*** Opening The data ***

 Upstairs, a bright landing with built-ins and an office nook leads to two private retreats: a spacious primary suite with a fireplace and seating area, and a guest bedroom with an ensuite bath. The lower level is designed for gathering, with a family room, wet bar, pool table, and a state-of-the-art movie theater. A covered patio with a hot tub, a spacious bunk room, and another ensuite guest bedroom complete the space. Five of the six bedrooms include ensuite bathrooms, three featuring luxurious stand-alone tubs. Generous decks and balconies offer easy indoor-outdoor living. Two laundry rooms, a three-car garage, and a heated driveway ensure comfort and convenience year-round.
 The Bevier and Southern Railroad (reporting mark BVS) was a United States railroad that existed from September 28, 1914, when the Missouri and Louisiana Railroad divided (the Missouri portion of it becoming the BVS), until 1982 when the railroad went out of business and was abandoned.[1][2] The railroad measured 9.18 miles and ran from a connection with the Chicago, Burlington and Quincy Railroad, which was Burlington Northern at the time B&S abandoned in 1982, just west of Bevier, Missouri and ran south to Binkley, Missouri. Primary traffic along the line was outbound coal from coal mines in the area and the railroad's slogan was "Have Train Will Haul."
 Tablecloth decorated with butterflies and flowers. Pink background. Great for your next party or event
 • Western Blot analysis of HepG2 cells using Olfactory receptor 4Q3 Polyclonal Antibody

*** Closing The data ***
*** Opening The data ***

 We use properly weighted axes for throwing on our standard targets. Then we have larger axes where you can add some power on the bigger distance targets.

*** Closing The data ***

Your assignment:
In the listing above, find the line with "Upstairs, a bright" and the line with "Tablecloth decorated with", then reproduce both and every line between them exactly.

Your response:
 Upstairs, a bright landing with built-ins and an office nook leads to two private retreats: a spacious primary suite with a fireplace and seating area, and a guest bedroom with an ensuite bath. The lower level is designed for gathering, with a family room, wet bar, pool table, and a state-of-the-art movie theater. A covered patio with a hot tub, a spacious bunk room, and another ensuite guest bedroom complete the space. Five of the six bedrooms include ensuite bathrooms, three featuring luxurious stand-alone tubs. Generous decks and balconies offer easy indoor-outdoor living. Two laundry rooms, a three-car garage, and a heated driveway ensure comfort and convenience year-round.
 The Bevier and Southern Railroad (reporting mark BVS) was a United States railroad that existed from September 28, 1914, when the Missouri and Louisiana Railroad divided (the Missouri portion of it becoming the BVS), until 1982 when the railroad went out of business and was abandoned.[1][2] The railroad measured 9.18 miles and ran from a connection with the Chicago, Burlington and Quincy Railroad, which was Burlington Northern at the time B&S abandoned in 1982, just west of Bevier, Missouri and ran south to Binkley, Missouri. Primary traffic along the line was outbound coal from coal mines in the area and the railroad's slogan was "Have Train Will Haul."
 Tablecloth decorated with butterflies and flowers. Pink background. Great for your next party or event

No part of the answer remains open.